- Born: Toronto, Ontario, Canada
- Occupations: Film producer, screenwriter, author
- Spouse: Fred Rosen

= Nadine Schiff =

American producer

Nadine Schiff is a Canadian film producer, screenwriter, author and philanthropist from Los Angeles, California.

==Early life==
Nadine Schiff was born in Toronto, Ontario. She received a Master's degree in Clinical Psychology.

==Career==
She served as Vice President of Stonebridge Entertainment, a subsidiary of Sony. She also served as Vice President of production at WeddingChannel.com.

She was the co-screenwriter of Made in America in 1993 alongside Marcia Brandwynne and Holly Goldberg Sloan, also serving as executive producer. She was then associate producer of Red Corner in 1997, producer of the TV movie The Wedding Dress in 2001, and executive producer of Breakfast with Scot in 2007.
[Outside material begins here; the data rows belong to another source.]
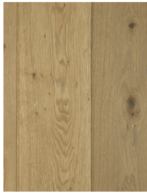
Mt Difficulty 06
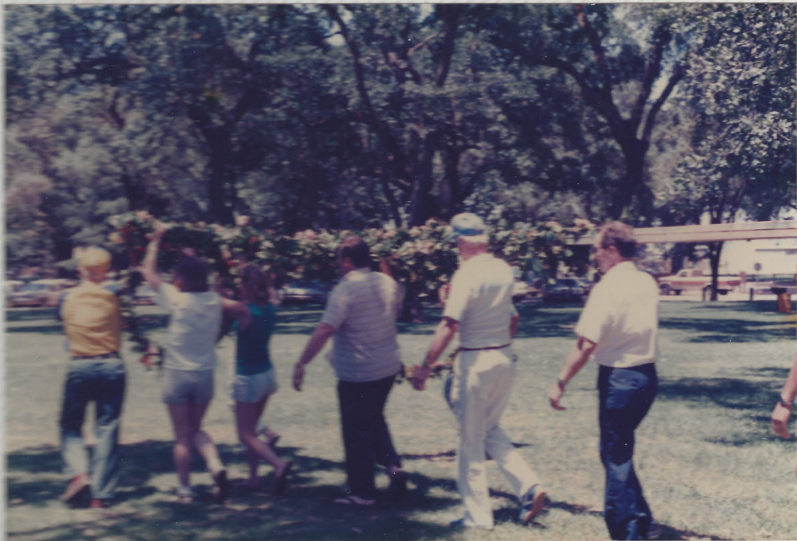
The Maypole is promenaded.
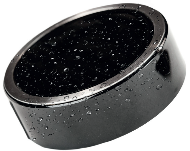
Gap-free composites metal - plastic - glass

In the field of ventilation technology, GRONBACH also develops and produces specific fan impellers with hubs, fan systems and turbines without imbalance, proven millions of times, e.g. for medical machines and computer systems, cooling or heating units and ventilation systems.
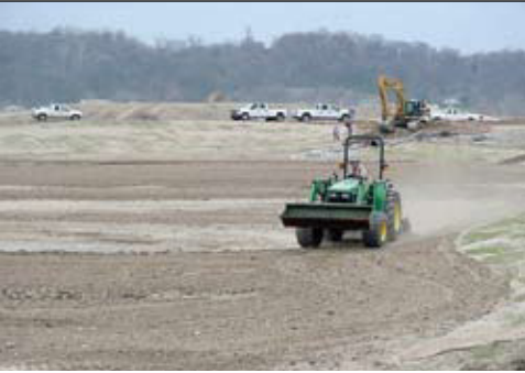
Site preparation for wetland mitigation, Cincinnati, OH
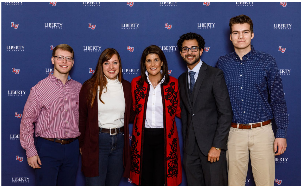
Former U.S. Ambassador to The United Nations, Nikki Haley With Alexander Hamilton Society Students

The Criminal Justice Club hosted their annual “Superhero Safety Day” where they partnered with the Virginia State Police to showcase services available to the community at large. Their guests were from the Virginia State Police, local police departments, and local fire departments.
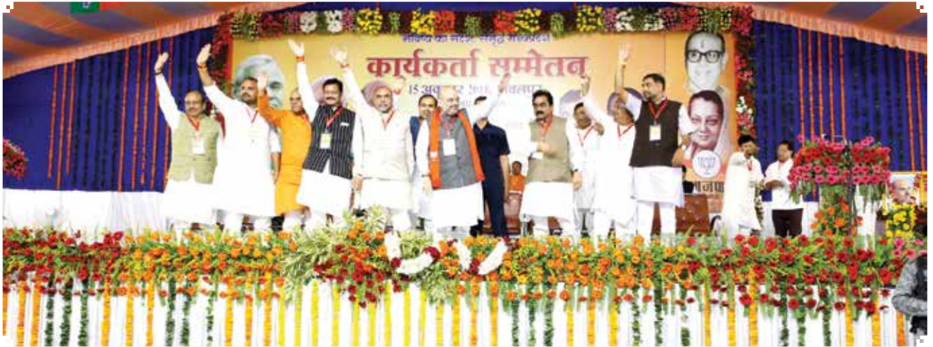
BJP National President Shri Amit Shah and other leaders waving at the gathering at the Booth Level Karyakarta Sammelan in Jabalpur, Madhya Pradesh
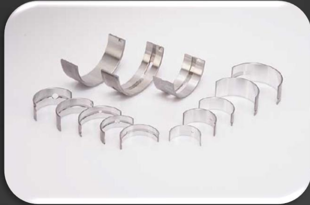
MB & CRB Bearings
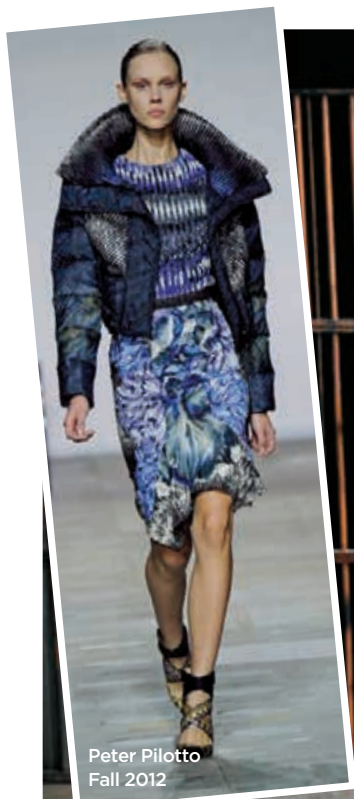
Peter Pilotto Fall 2012
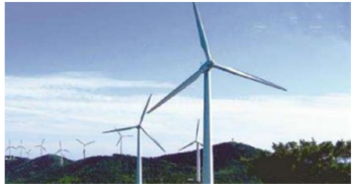
Zhoushan Wind Farm
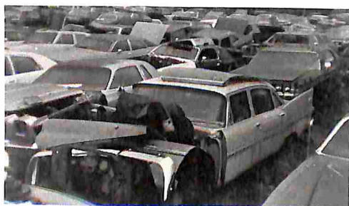
McCoy's Auto & Truck Wrecking ... 16
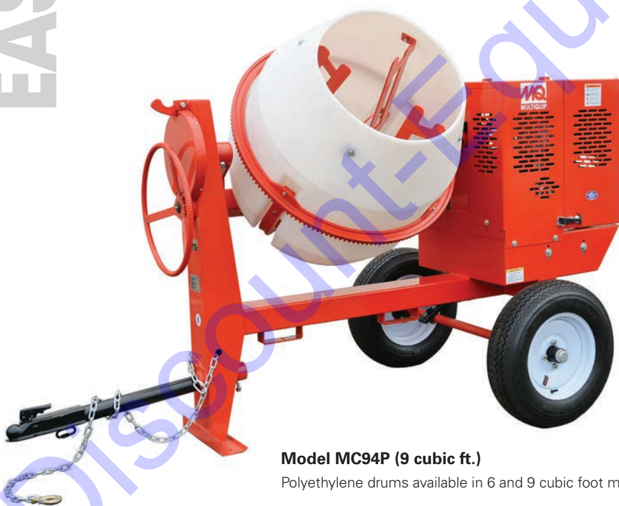
Model MC94P (9 cubic ft.)

The MC12PH concrete mixer handles your biggest and toughest applications. It features a 12 cubic ft. Easyclean™ drum and powerful Honda GX340 engine.
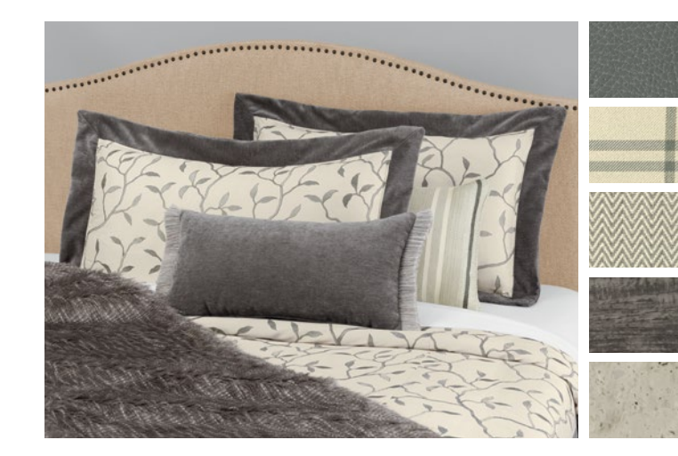
WINDHAM INTERIOR a. Furniture/Fabric b. Flooring c. Counter Top
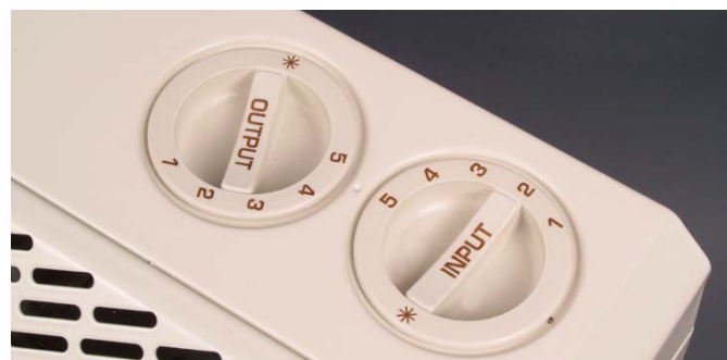
All storage heaters have input and output controls

Every storage heater has a set of simple controls. An input setting allows you to regulate the amount of heat that the heater stores during the night. This is important because, even though night-rate electricity is cheap, there's no point paying for more than you need. If it's not particularly cold, or you'll be out of the house for most of
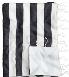
SELF ABSORBED Nine Space beach towel $76/J.Crew
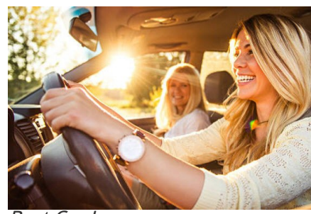
Best Car Loans

Get approved FAST. 99% of people who apply get accepted in minutes.
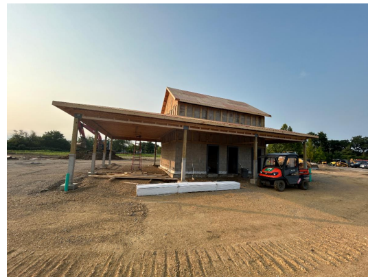
Facility roof truss installation

For more information on Algonquin's Parks scan the QR code or visit the Village Parks website:

She was the editor-at-large for Live! Magazine. Additionally, she has co-written three books: Career Makeovers for the Working Woman, The Secret Language of Girlfriends, and The Ultimate Organizer.

==Philanthropy==
She serves on the Boards of Trustees of United Friends of the Children and the Sundance Institute. When Maria Shriver was the First Lady of California, Schiff established the Minerva Awards with her, which now takes place at the annual Women's Conference. She also established The Ultimate Organizer with Barbara Guggenheim. She was honored with the Junior League of Los Angeles 2018 Community Service award.

==Personal life==
She is married to Fred Rosen, a business executive. They reside in Bel Air.